Robert Timothy Smith and Ravi Cabot-Conyers in “Star Wars: Skeleton Crew”Courtesy of Matt Kennedy / Disney+

But again, I digress: as the children are drawn (literally) into a space adventure, Wim moves closer to the life he so desperately wants instead of the one he has: that of a Jedi. When he finally meets Jude Law’s mysterious Jod Na Nawood, the older man’s perceptive demeanor, hooded appearance, and mastery of the Force leave no doubt in Wim’s mind: Jod is a Jedi. It must be. Not only is there plenty of evidence, but this is a “Star Wars” story – doesn’t there have to be a Jedi?

Evoking “Andor” and its story without a lightsaber is perhaps the most promising aspect of “Skeleton Crew,” and I can only hope that it continues to move in that direction, toward its own distinct voice. Episodes 2 and 3 throw a lot at the audience, bypassing the capital-A acting of its child stars (which Law helps combat with his tailored, assured performance) by ramping up the action and unveiling a multitude of distinct species and rich decorations. The environments are colorful and lively. Events unfold at a playful and enjoyable pace. There’s a lot to see and not a lot of time to see it (as it should be).

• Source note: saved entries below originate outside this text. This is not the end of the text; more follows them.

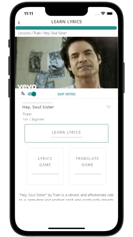 In addition to reading lyric translations, you can now learn English with music and lyrics from your favorite artists.
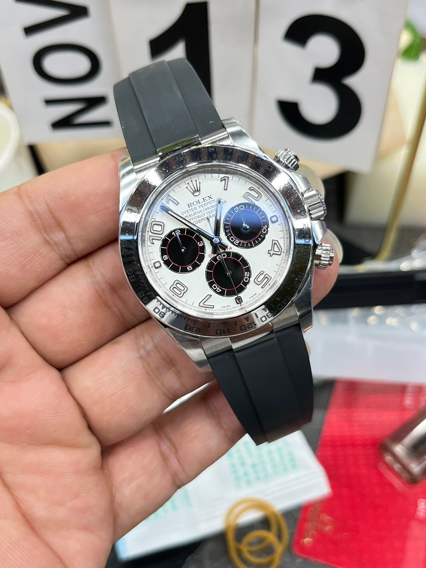 Dial: White Panda Racing Dial (White background with black sub-dials and Arabic numerals).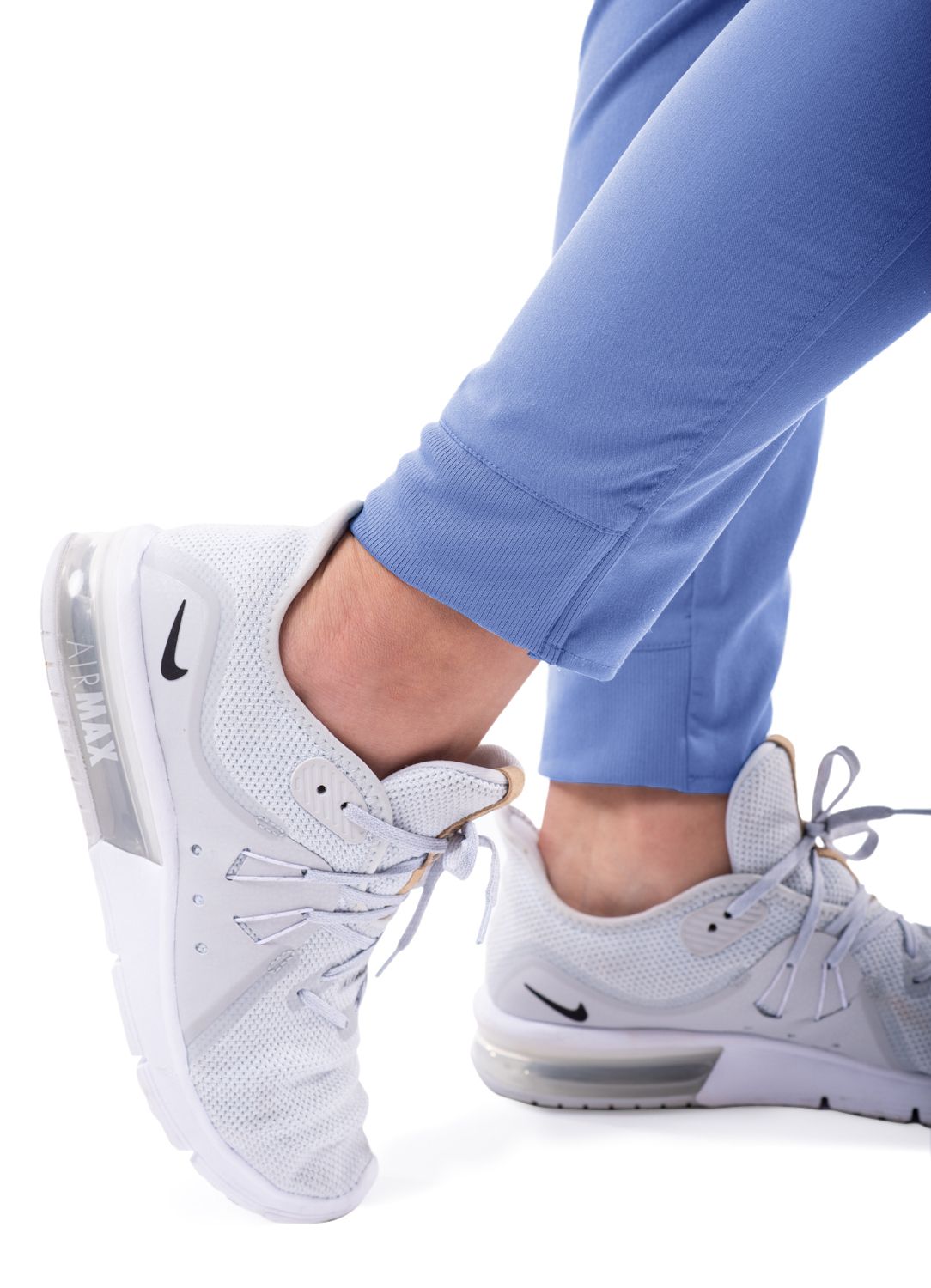 This Ultimate Yoga Jogger by Adar is the perfect pant to take you from working in a chilly medical setting to running errands. It is in a league of its own with super soft stretch fabric, order/wrinkle-resistant fabric, and a duel hem. Our duel hem features a trouser hem in the front and adds a pinch of style with a classic jogger fit hem in the back. These comfortable scrub pants sit right below the natural waist. It comes equipped with a leg zip pocket and side pockets for storage. Those 4 pockets create enough space to hold this, that, and those. Upgrade your wardrobe with this must have jogger pant.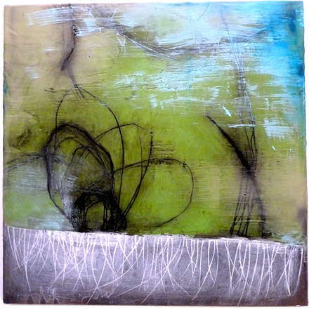 Green Internal Landscape, 2011, Encaustic, oil on panel, 18" x 18" x 1"

But the series doesn’t fully commit to the tactile pleasures of Andor’s production design or the pyrotechnic light shows of digital battles past. Taken together, the CGI and practical effects seem more disaffecting than immersive, even if the idea of ​​overwhelming viewers with an unfamiliar ambiance is a good one. These children have never seen anything like this on their sheltered homeworld, and attempting to imitate their awed reaction in front of the audience is admirable. Perhaps it could even work if the staging was mixed more convincingly, but as it stands, there’s a strange disconnect that leaves the series adrift between having and realizing its own imagination. The excitement I felt when I first spotted an owl-like alien character flying into frame slowly and steadily deepened as its CGI design and practical environment prove awkwardly incongruous.

That being said, if the creators have their hearts in the right place – trying to innovate in each new episode – then “Skeleton Crew” still has a chance to bridge the gap. Lowery’s skills are a perfect fit, and the “Pete’s Dragon” director creates a thrilling escape sequence from a bustling interstellar pit stop. Future directors shouldn’t be short of creative inspiration either – not with The Daniels (“Everywhere All at Once”) helming episodes 4 and 6 overseen by Lee Issac Chung (who directed an episode of “The Mandalorian” between his feature film “Minari” and “Twisters”).

When it comes to any new “Star Wars” project, experience has taught us that the key question is not talent, but whether true ingenuity can thrive under Disney’s heavy hand. The more “Star Wars” develops, the more “Star Wars” stays the same, and the structural clichés guiding “Skeleton Crew” imply an equally rigid path to follow. We can only hope for a true rebellion – one worthy of the original ideals of a pirate and the original idea of ​​“Star Wars.”

Grade: C+

“Star Wars: Skeleton Crew” premieres Monday, December 2 at 9 p.m. ET on Disney+. New episodes will air weekly on Tuesdays at 9 p.m. ET.